ダイチはパウロの部屋の中へ入り、背中の鞘から銀色の棒をシュっと引き抜くと、砥石台やハンマーなどが並ぶ、年季の入ったパウロの作業机の上へコトリと置きました。



「今回はスイーパーを大分使い込んだなダイチ。表面が傷だらけじゃないか」
「えっ?フィリアマイトに傷がついちゃった?」
「いや本体は傷付いてない。フィリアは物質を跳ね返すからな。表面に塗ったシルバーがあちこち剥げてる。今メンテしてやるから、その辺に座って待ってろ」


ダイチは作業机の側にあるがっしりとした切り株のような木椅子に腰を下ろすと、改めてぐるりと部屋の中を見渡しました。

ノミやヤスリなどの工具類が綺麗に並んだ整理棚の向こうには、電子機器や書籍類が部屋の奥まで積まれています。

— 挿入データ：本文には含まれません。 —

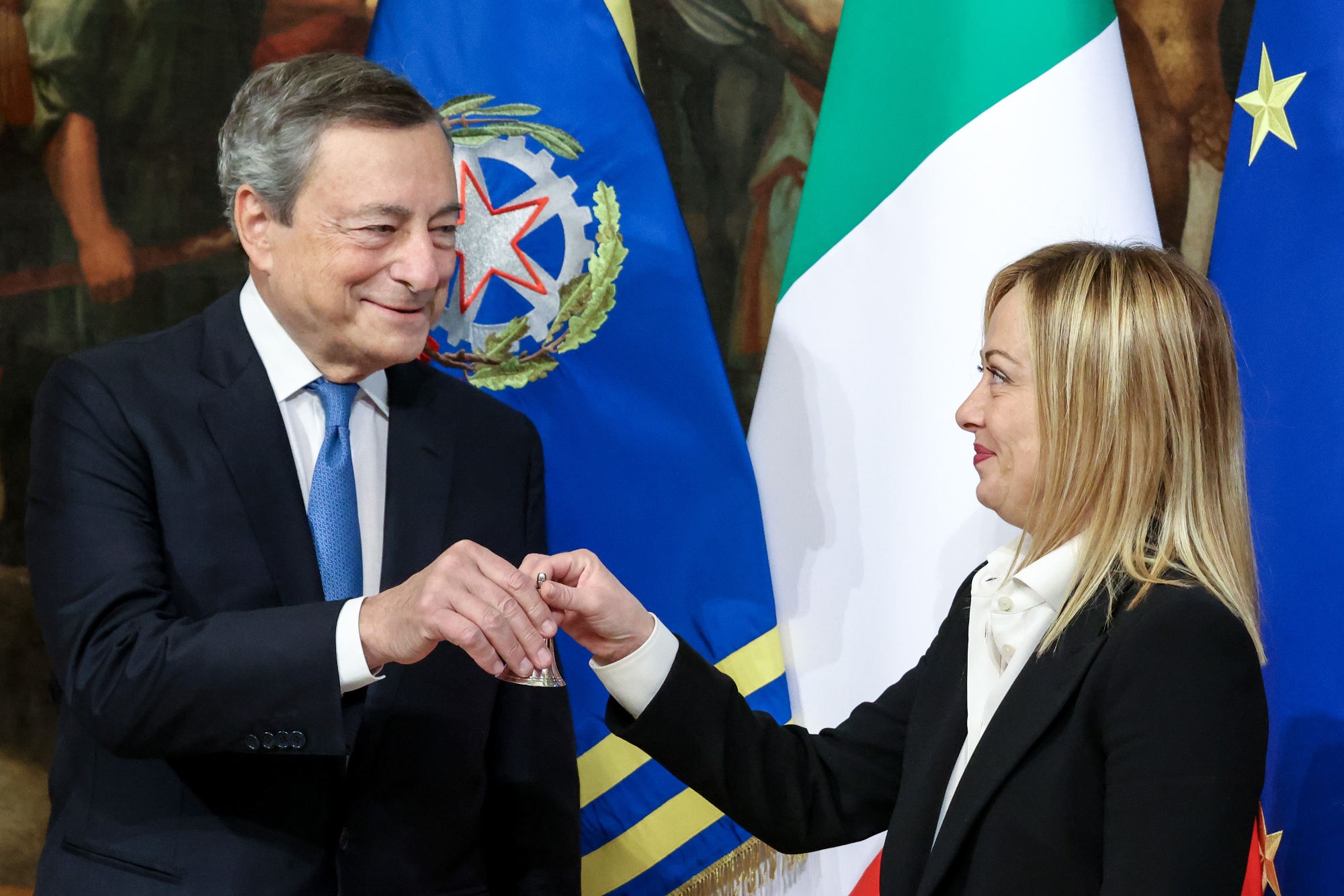德拉吉竟然成为意大利总理乔治亚·梅洛尼的意想不到的盟友。2022年10月,德拉吉将意大利总理在内阁会议上使用的小铃铛交给激动的梅洛尼时,她似乎代表了他的直接对立面。作为右翼意大利兄弟党的领袖,她曾誓言要彻底改革现有体制。

壁はすべて床から天井まで石の陳列棚になっており、そこにはあらゆる色や形の石が所狭しとびっしり置かれているのでした。

つるつる愛らしい球体の石や、眩く光を宿したキューブ、ザラザラした溶岩石や、ゴツゴツと結晶が飛び出ている大型の原石まで、そしてそれら石達の色といったら、青赤橙金銀緑紫桃に黒白透明、さらにその中間色やグラデーションと、まるでこの世の色という色をすべて集めたという様です。ダイチは左右の壁を見上げて思わず溜息をつきました。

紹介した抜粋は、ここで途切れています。